“The research conducted at BANYAN has been groundbreaking in several respects. For one, the project has revealed previously unknown aspects of mobile service demand in various contexts, such as urban areas, indoor environments, and during special events,” explains Dr. Fiore. These findings have enabled the creation of accurate models of user behavior and mobile traffic, essential tools for improving the planning and management of modern radio access networks. “As representative examples, we were able to reveal how the introduction of 5G has fostered an increase in the consumption of certain mobile applications (particularly those related to video games), and we demonstrated how large public protests generate dramatic increases in traffic for only certain types of services (notably, browsing and messaging).”.

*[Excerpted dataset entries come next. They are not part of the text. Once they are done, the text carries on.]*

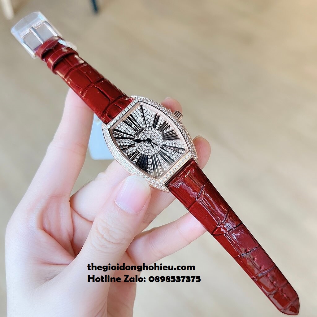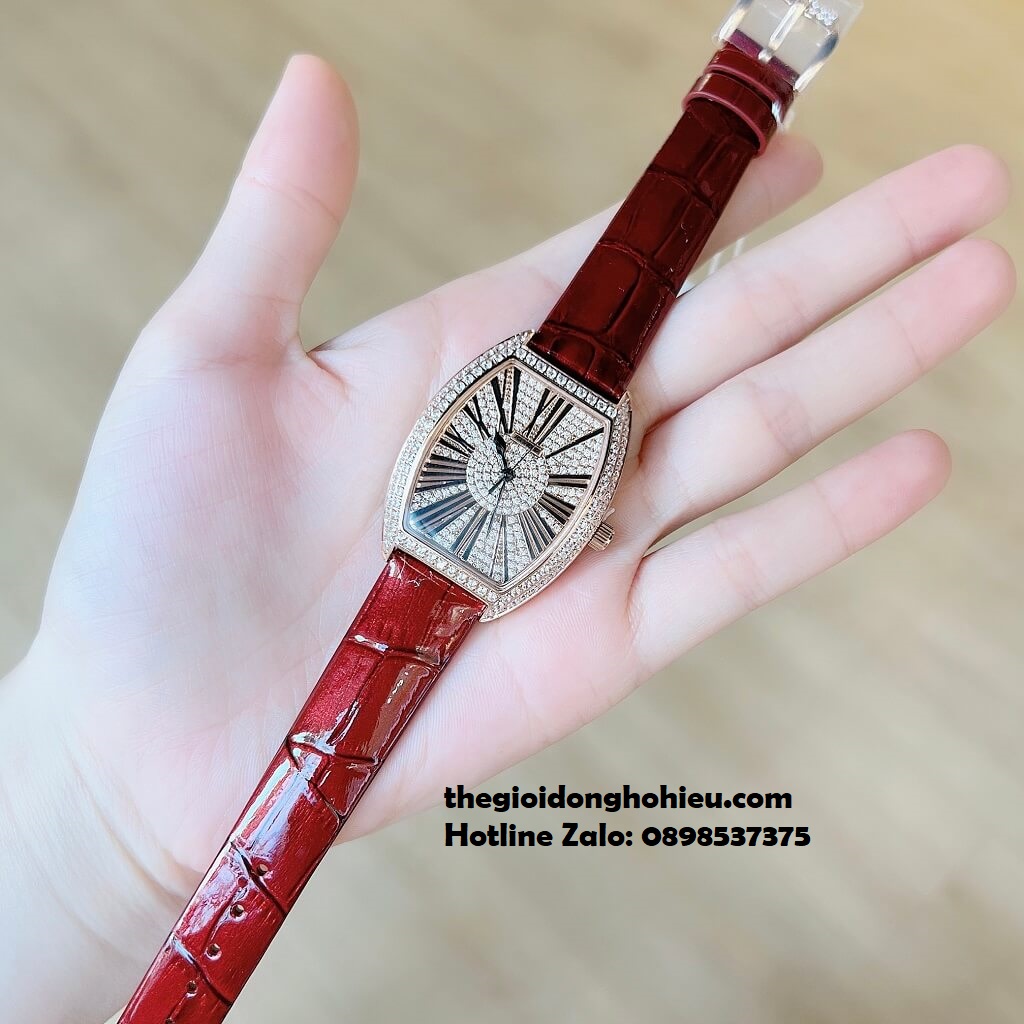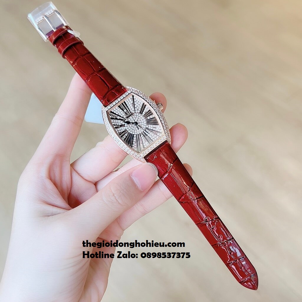 - Thiết kế mặt chữ nhật vòm cong với công nghệ đính đá đặc trưng của hãng, full đá sáng long lanh
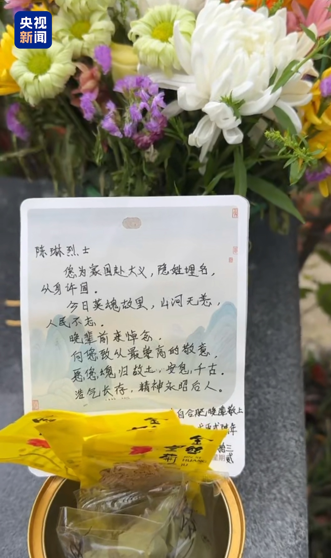 将陈琳烈士骨灰送回故乡的,是安徽六安90后小伙远山。他告诉总台记者,自去年看完总台电视剧《沉默的荣耀》后,他开始关注隐蔽战线英雄们的故事,并联系到了陈琳烈士的亲属,一场送英烈回家的接力由此开始。
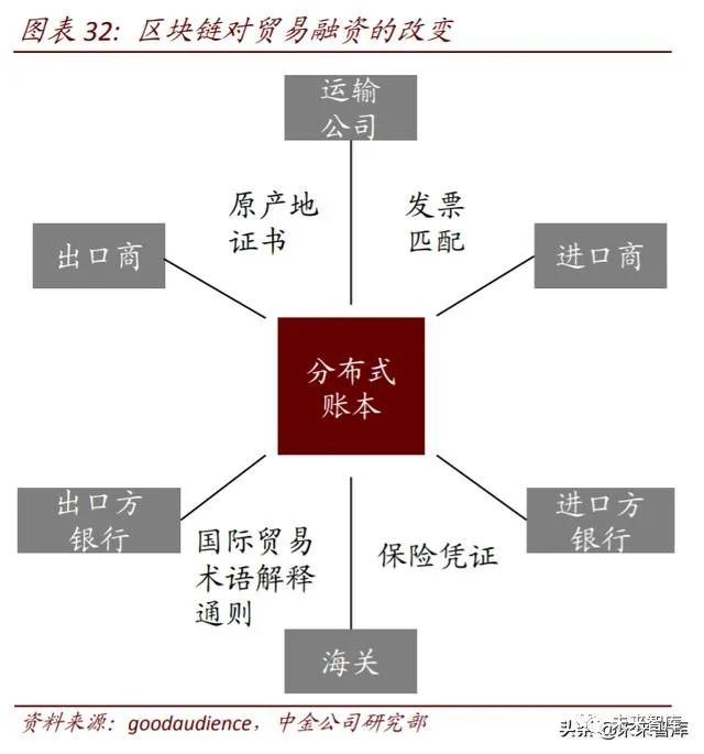 贸易融资:减少交易处理时间及造假风险。区块链的智能合约技术,可实现贸易环节全 流程掌控。利用智能合约,跨境贸易各环节都可被接入区块链平台,1)可以很好地解决 贷前调查、贷中审查、贷后管理实时监控,保证预设条件触发后强制及自动执行相关流 程;2)减少人力投入,提升投入产出比;3)信息集中上链,利于银行准确进行信息验 证和对比,减少造假风险。
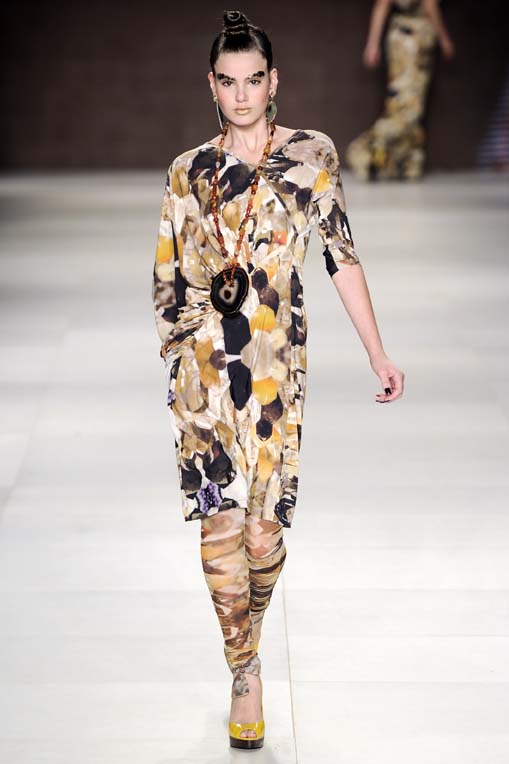 A peça chave da coleção de Inverno 2011 de Alessandra Migani é o macacão, que também apareceu muito em outros desfiles. Com modelagens bem amplas, eles vieram longos e bastante fluidos, com quadris volumosos, tornozelos ajustados e cintura definida.

Another key achievement of BANYAN has been the development of an artificial intelligence (AI)-based solution for modeling signal propagation in dense radio access environments. This technique not only enables precise planning of wireless network infrastructure but also reduces the computational time required to design indoor wireless networks compared to traditional tools. This represents a significant advancement for efficiently designing networks in smart cities and large indoor spaces such as shopping malls or airports.
Commercialization:
The project's results have not only remained within the academic sphere but have also found commercial applications. "Some of the tools developed during BANYAN have been integrated into the radio planning software marketed by Ranplan Wireless, one of the project partners," Fiore points out.

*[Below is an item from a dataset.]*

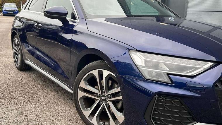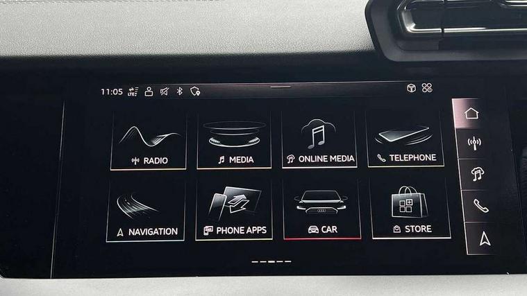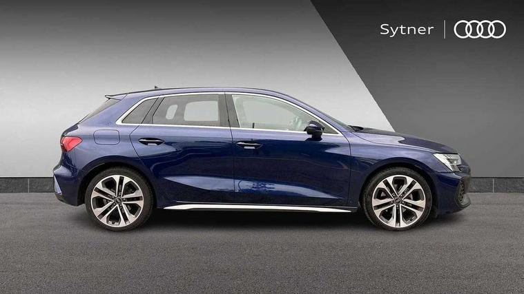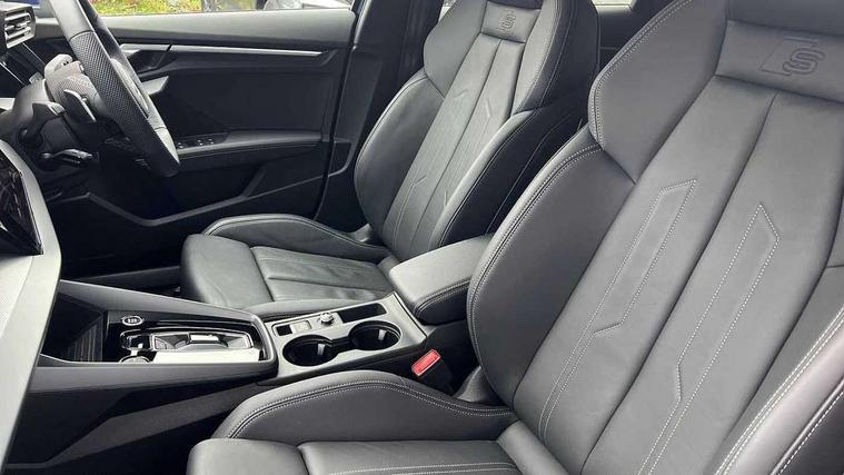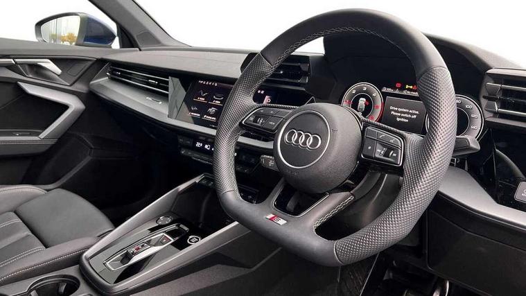 Adjustable speed limiter, Audi drive select, Audi smartphone interface with app store includes wireless Apple carplay, Android auto and Amazon alexa integration, Audi virtual cockpit plus - 12.3" full HD resolution dynamic digital instrument cluster, Automatic start/stop system with recuperation, Bluetooth interface, Camera based traffic sign recognition, Collision avoidance assistant, Cruise control, Distraction and Fatigue warning, e-Call (emergency call), Electromechanical power speed sensitive steering, Lane departure warning system, MMI Navigation Plus with high resolution 10.1" colour touch screen display, Park Assist with parking system Plus, Service indicator, Tailgate, Trip computer, Voice control system with natural language interaction, Diesel particulate filter, Sports suspension, Audi Phonebox light with wireless charging, Audi sound system - 10 loudspeakers including centre loudspeaker and subwoofer, DAB Digital radio, USB ports with charging function in the rear, Acoustic glass windscreen, Aluminium window trim, Auto dimming frameless rear view mirror, Body colour exterior mirrors, Chrome exhaust tailpipes, Electrically adjustable/heated/folding/auto dimming door mirrors with integrated LED indications + kerb view function for passenger side, Exterior model badging, Front and rear side air inlets in grained matt black with dark liquid chrome frame, Front electric windows, Front radiator grill in high gloss dark chrome, Heat insulating glass windscreen, Illuminated door sills with aluminium inserts at the front with S logo, LED 3rd brake light, LED daytime running lights, LED headlights with LED rear lights and dynamic rear indicators, Light and rain sensors, Privacy glass - dark tinted rear window, rear door and side windows, Rear diffuser and grill in grained matt black with inlay in dark liquid chrome, Rear electric windows, Rear side wing doors, Rear wiper, S line bumpers, S roof spoiler, Side S line emblems on front wings, Side sill trim in dark liquid chrome, 12V socket and storage compartment in front centre console, 3 seat bench in 2nd row, 3 spoke flat bottomed leather multifunction sport steering wheel with gear shift paddles, 3-zone deluxe automatic air conditioning, 4 way electrically adjustable lumbar support for driver and front passenger, 40/20/40 split folding rear seat bench, Black cloth headlining, Front and rear centre armrest in artificial leather, Front and rear headrests, Front/rear floor mats, Heated front seats, Height and reach adjustable steering wheel, Manual boot compartment lid, Manually adjustable front seats, Rear cup holders, S badging on the steering wheel, Seat side bolsters, Single front passenger seat, Stainless steel pedals and front footrest in black, Twin leather upholstery with front sports seats S embossed logo, Aluminium interior elements pack - A3 Sportback, Multi-coloured LED interior lighting package - A3, 3x3 point rear seat belts, Driver and front passenger airbag with passenger airbag deactivation, Electronic Stabilisation Control (ESC) including ABS, ASR and EDL, First aid kit with warning triangle and 2 safety vests, Front side airbags with head airbags and interaction airbag, Hill hold assist, Pre-sense front with pedestrian and cyclist detection, Seatbelt monitoring, Tyre pressure loss indicator, Anti theft alarm, Anti-theft wheel bolts, Electronically operated child locks, Immobiliser, Remote central locking with safelock, Dash & door Inlay in dark aluminium Spectrum,

At the academic level, the work has been presented at top-tier conferences such as ACM IMC, IEEE INFOCOM, and the IEEE JSAC journal, further emphasizing BANYAN's contribution to scientific knowledge in the field of radio access networks.
Challenges
The BANYAN project addressed several complex challenges, including:
• Measure, characterize, and model traffic demand for individual mobile services at large scale (e.g., entire cities or countries) in both indoor and outdoor environments.
• Develop AI-based tools to generate realistic radio frequency propagation in indoor and outdoor scenarios with high accuracy and low complexity.
• Create optimization models for automated network planning.
• Design AI solutions for autonomous mobile network management, tested on experimental platforms.